Problem requirements:
Print, exactly as written, the line in the entries below that contains "Los holders de" and every line after it up to and including the last. Omit pictures.

Supplied entries:
------------

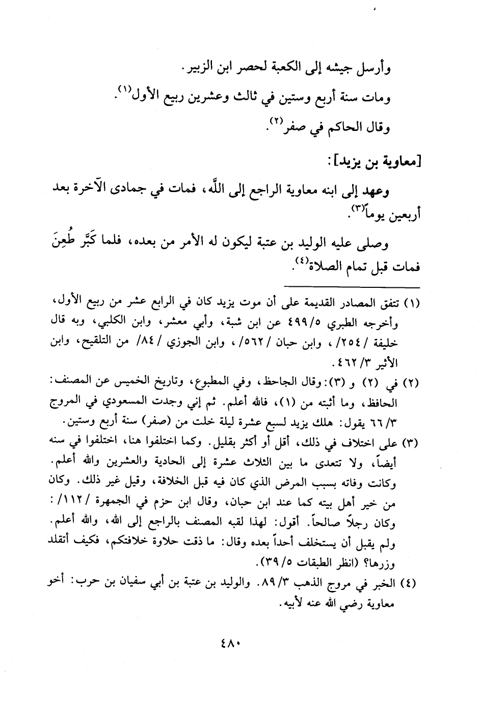(¬1) تتفق المصادر القديمة على أن موت يزيد كان في الرابع عشر من ربيع الأول، وأخرجه الطبري 5/ 499 عن ابن شبة، وأبي معشر، وابن الكلبي، وبه قال خليفة/254/، وابن حبان/562/، وابن الجوزي/84/من التلقيح، وابن الأثير 3/ 462.
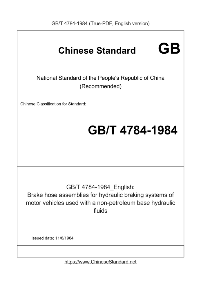 Basic dataStandard ID: GB/T 4784-1984 (GB/T4784-1984)Description (Translated English): Brake hose assemblies for hydraulic braking systems of motor vehicles used with a non-petroleum base hydraulic fluids Sector / Industry: National Standard (Recommended) Date of Issue: 11/8/1984 Tips & Frequently Asked Questions:Question 1: How long will the true-PDF of GB/T 4784-1984_English be delivered?Answer: Upon your order, we will start to translate GB/T 4784-1984_English as soon as possible, and keep you informed of the progress. The lead time is typically 1 ~ 3 working days. The lengthier the document the longer the lead time.Question 2: Can I share the purchased PDF of GB/T 4784-1984_English with my colleagues?Answer: Yes. The purchased PDF of GB/T 4784-1984_English will be deemed to be sold to your employer/organization who actually pays for it, including your colleagues and your employer's intranet.Question 3: Does the price include tax/VAT?Answer: Yes. Our tax invoice, downloaded/delivered in 9 seconds, includes all tax/VAT and complies with 100+ countries' tax regulations (tax exempted in 100+ countries) -- See Avoidance of Double Taxation Agreements (DTAs): List of DTAs signed between Singapore and 100+ countriesQuestion 4: Do you accept my currency other than USD?Answer: Yes. If you need your currency to be printed on the invoice, please write an email to Sales@ChineseStandard.net. In 2 working-hours, we will create a special link for you to pay in any currencies. Otherwise, follow the normal steps: Add to Cart -- Checkout -- Select your currency to pay. |
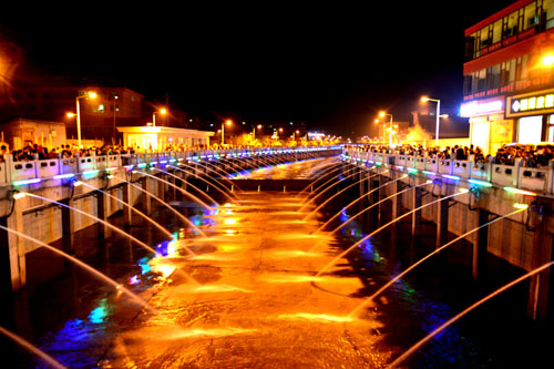 10月1日,國慶節(jié),代縣縣城關溝河景觀工程正式竣工蓄水。河道中,兩道鋼閘壩內,清清的河水碧波蕩漾,河道兩岸是兩條6米寬的景觀大道。道路內側,路燈成行,綠樹成蔭,風光如畫。伴隨著優(yōu)美的樂曲,河道兩側的音樂噴泉噴珠吐玉,不斷變化著造型,在金色的陽光下不時閃現(xiàn)出道道彩虹。到了夜間,音樂噴泉在明亮的燈光映襯下,更是五彩繽紛,赤橙黃綠青藍紫,猶如彩練當空舞。成為歷史文化名城一道亮麗的風景。
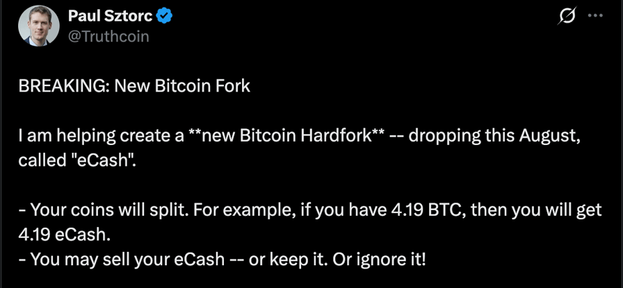 Los holders de Bitcoin podrán intercambiar sus $BTC por eCash en una proporción de 1:1 una vez que el hard fork esté activo, dijo Sztorc en una publicación de X.
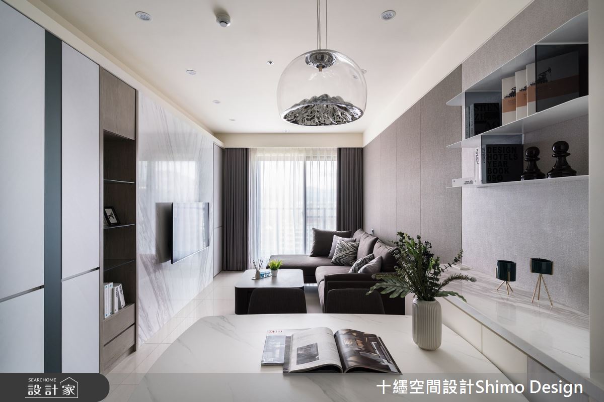 十纆室內裝修設計有限公司以乳膠漆、壁紙、超耐磨木地板、鐵件、木作貼皮、系統板材、大理石、石材、繃布、實木皮的搭配應用,呈現混搭風居家氛圍,將此間31坪、兩房、單層、新成屋(5年以下)打造成舒適愜意的家庭空間,完成2位大人、1位小孩全家人的夢想之居。
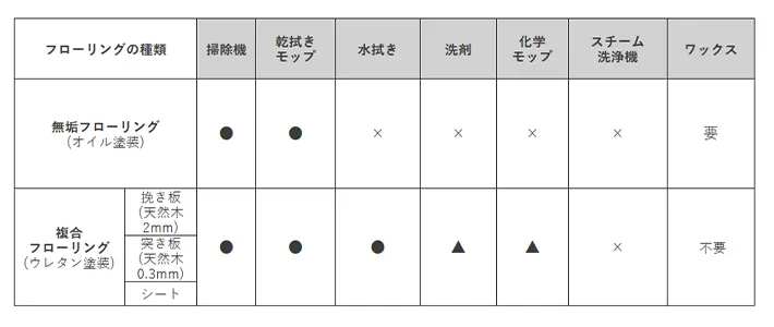 『フローリング総合研究所』では、それぞれの特性と注意点について、このように解説しています。
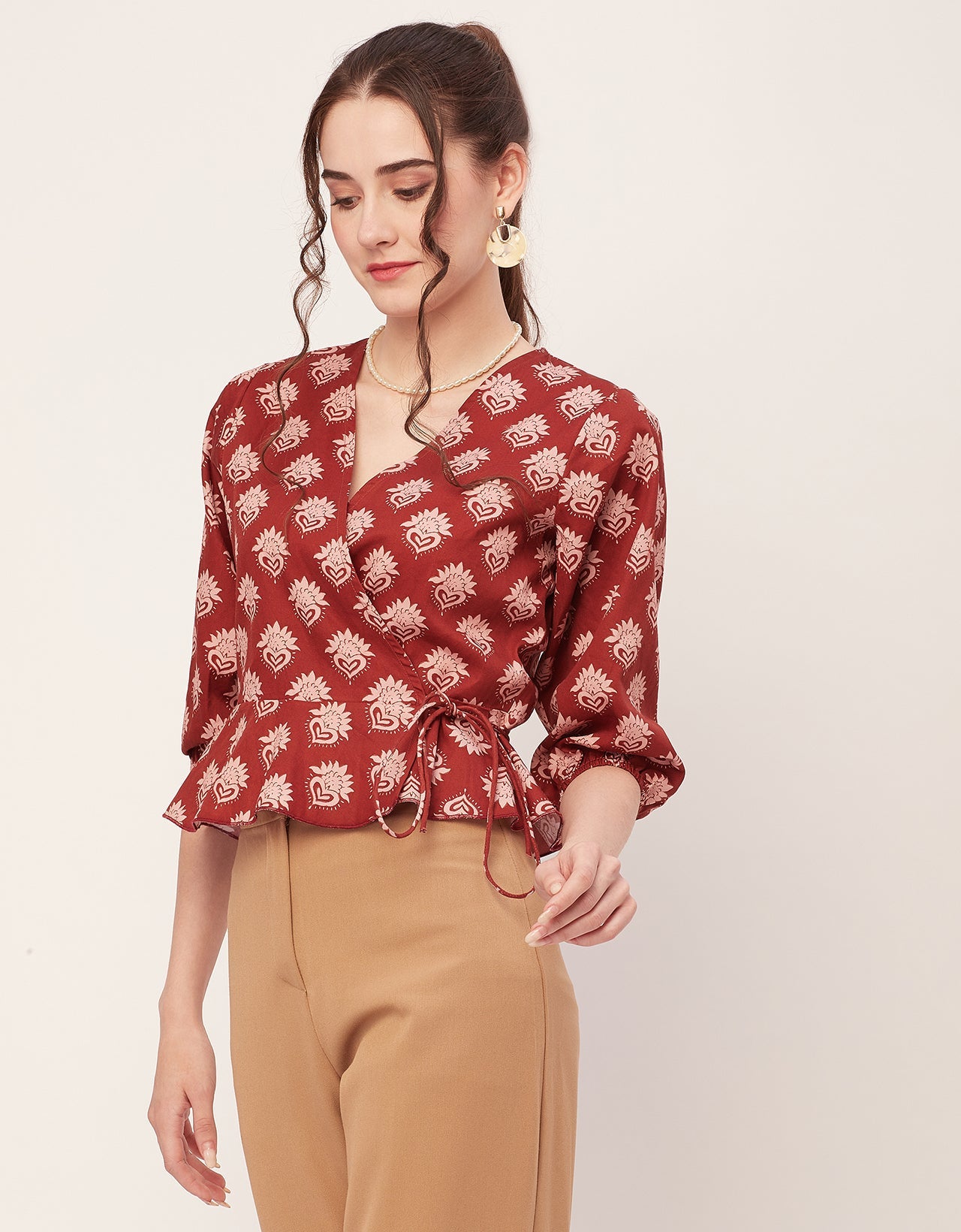 Tags: Printed Wrap Tops For Women, Wrap Style Tops, V Neck Tops For Women, Summer Tops, Women Tshirts For Women, Boho Chic Tops
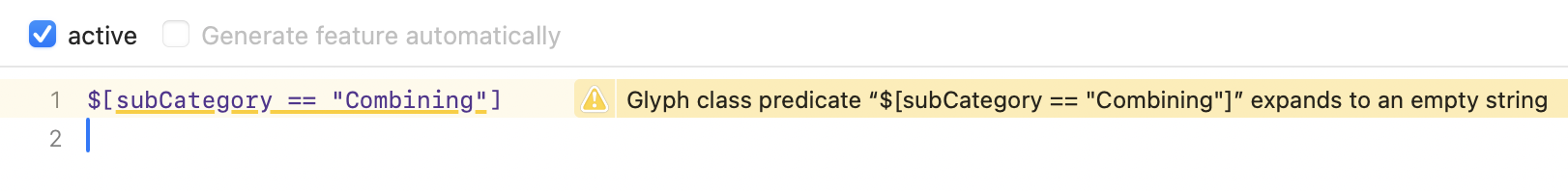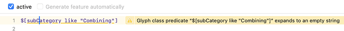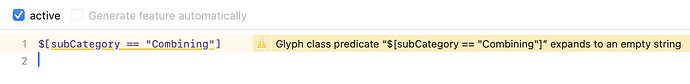 Are you sure you have glyphs what have the subCategory set to “Combining”? Just for the sake of testing, try $[category == "Letter"].

------------

Output of the task:
 Los holders de Bitcoin podrán intercambiar sus $BTC por eCash en una proporción de 1:1 una vez que el hard fork esté activo, dijo Sztorc en una publicación de X.
 十纆室內裝修設計有限公司以乳膠漆、壁紙、超耐磨木地板、鐵件、木作貼皮、系統板材、大理石、石材、繃布、實木皮的搭配應用,呈現混搭風居家氛圍,將此間31坪、兩房、單層、新成屋(5年以下)打造成舒適愜意的家庭空間,完成2位大人、1位小孩全家人的夢想之居。
 『フローリング総合研究所』では、それぞれの特性と注意点について、このように解説しています。
 Tags: Printed Wrap Tops For Women, Wrap Style Tops, V Neck Tops For Women, Summer Tops, Women Tshirts For Women, Boho Chic Tops
 Are you sure you have glyphs what have the subCategory set to “Combining”? Just for the sake of testing, try $[category == "Letter"].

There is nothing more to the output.